Gleichzeitig arbeitet die Europäische Union weiter an ihrer Abschottung und nimmt in Kauf, dass noch mehr Geflüchtete bei der gefährlichen Flucht ihr Leben verlieren. Als LINKE kritisieren wir diese europäische Politik und fordern stattdessen sichere Fluchtwege, Fluchtursachenbekämpfung durch konsequente Friedenspolitik und den Stopp von Waffenexporten, Zurückdrängung multinationaler Konzerne, die in den Herkunftsländern den Menschen die Lebensgrundlagen rauben (Landgrabbing, Anbau von Monokulturen in der Landwirtschaft…), Klimaschutz, Neuorientierung der Entwicklungspolitik auf Hilfe zur Selbsthilfe, bessere Ausstattung von Hilfsorganisationen durch die Weltgemeinschaft usw.

 

„Die zahlreichen arbeitslosen Asylbewerber sind häufig gering oder nicht qualifiziert. Auch die immer wiederkehrenden Vorschläge, diese Personen zu Pflegehilfskräften zu qualifizieren, verhallen nicht ohne Grund. Denn dafür sind mindestens ausreichende Deutschkenntnisse und ein tieferes Verständnis für den Umgang mit Pflegebedürftigen erforderlich. So etwas lässt sich nicht in Schnellkursen vermitteln.“

Die AfD vermischt hier einige Probleme, die jedoch wenig mit der zugrunde gelegten Statistik zu tun haben. Empfänger*innen von Leistungen nach dem Asylbewerberleistungsgesetz unterliegen in den ersten Monaten des Aufenthalts in Deutschland Arbeits- und teilweise auch Bildungsverboten. Zwar wurde hier bundesgesetzlich einiges gelockert, jedoch haben nur Personen aus Herkunftsländern, die eine sogenannte gute Bleibeperspektive haben (also wo mehr als 50% der Anträge zu einem positiven Asylbescheid hinsichtlich der Anerkennung als Flüchtling oder der Gewährung von subsidiärem Schutz führen – aktuell sind dies Eritrea, Iran, Irak, Syrien und Somalia), während ihres Asylverfahrens einen Anspruch auf einen Integrationskurs. Alle anderen können erst nach positivem Abschluss des Asylverfahrens bzw. der Erteilung einer Duldung einen Kurs erhalten. Menschen aus sogenannten „sicheren Herkunftsstaaten“ haben dauerhaft, also auch wenn sie eine Duldung erhalten, keine Chance auf einen Integrationskurs.

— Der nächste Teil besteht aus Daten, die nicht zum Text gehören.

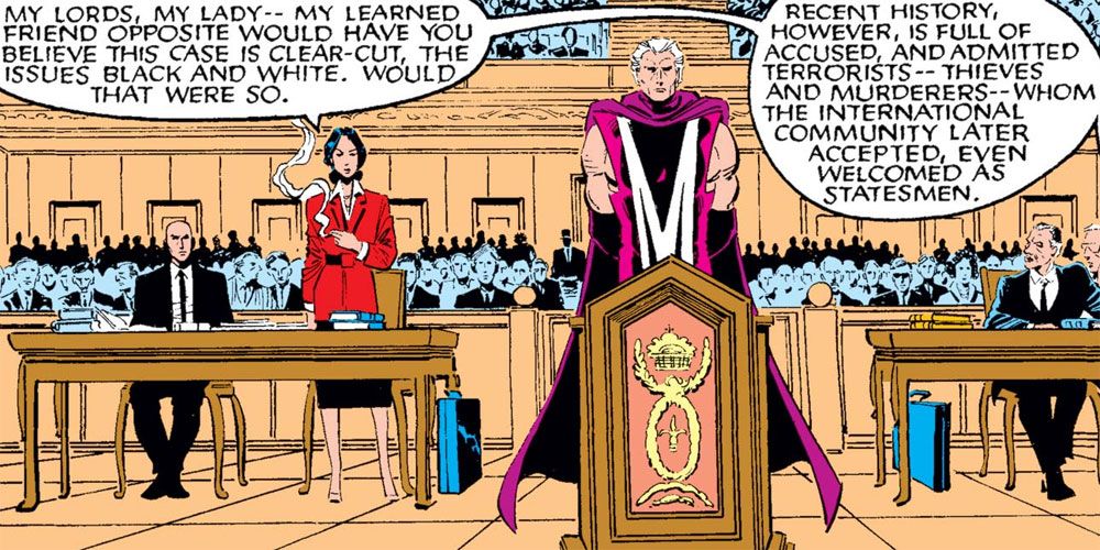 Las tensiones aumentaron cuando Magneto fue juzgado por sus acciones más recientes, entre ellas, el hundimiento de un submarino soviético y la muerte de todos los que iban a bordo. Magneto profesó que había cambiado sus costumbres y que estaba trabajando para encontrar medios pacíficos para preservar la humanidad mutante frente a los prejuicios. Cuando Fenris atacó el tribunal, Magneto mostró su voluntad de dar su vida por los inocentes que estaban en peligro. El Tribunal Mundial levantó la sesión sin juzgar a Magneto, pero varios jueces quedaron impresionados por su humanidad.

Ähnliches gilt für die Integration in den Arbeitsmarkt. Auch hier wird während des Asylverfahrens nur Personen aus Herkunftsländern mit guter Bleibeperspektive eine Förderung gewährt.

Das Problem mangelnder Deutschkenntnisse und mangelnder Integration in den Arbeitsmarkt ist also durch die Bundespolitik hausgemacht.  In Brandenburg haben wir ein aus dem Europäischen Sozialfonds finanziertes Programm aufgelegt, das auch Personen, die keinen Anspruch auf einen Kurs des Bundes haben, schon während ihres Asylverfahrens einen Deutschkurs ermöglicht.

Zu dem immer wieder strapazierten Beispiel des Pflegebereichs ist zu sagen: Doch, eine Integration in diesen Bereich ist möglich. Allerdings ist dies auch ein kultursensibler Bereich und nicht jeder Geflüchtete wird dafür geeignet sein. Fachkräftemangel in diesem wie in anderen Bereichen wird nur gelingen, wenn es eine konsequente auf den Einzelfall angepasste Förderung gibt. Und vor allem braucht es Regelungen im Aufenthaltsrecht, die Integrationsleistungen stärker als bisher berücksichtigen. Damit wird nicht nur die Motivation bei den Geflüchteten zur Integration gesteigert sondern auch volkswirtschaftlich ist es absurd, dass Menschen, die hier eine Ausbildung genossen und/oder in den Arbeitsmarkt integriert sind, zwangsweise in ihre Herkunftsländer zurückgeführt werden (was die AfD ja noch stärker betreiben will).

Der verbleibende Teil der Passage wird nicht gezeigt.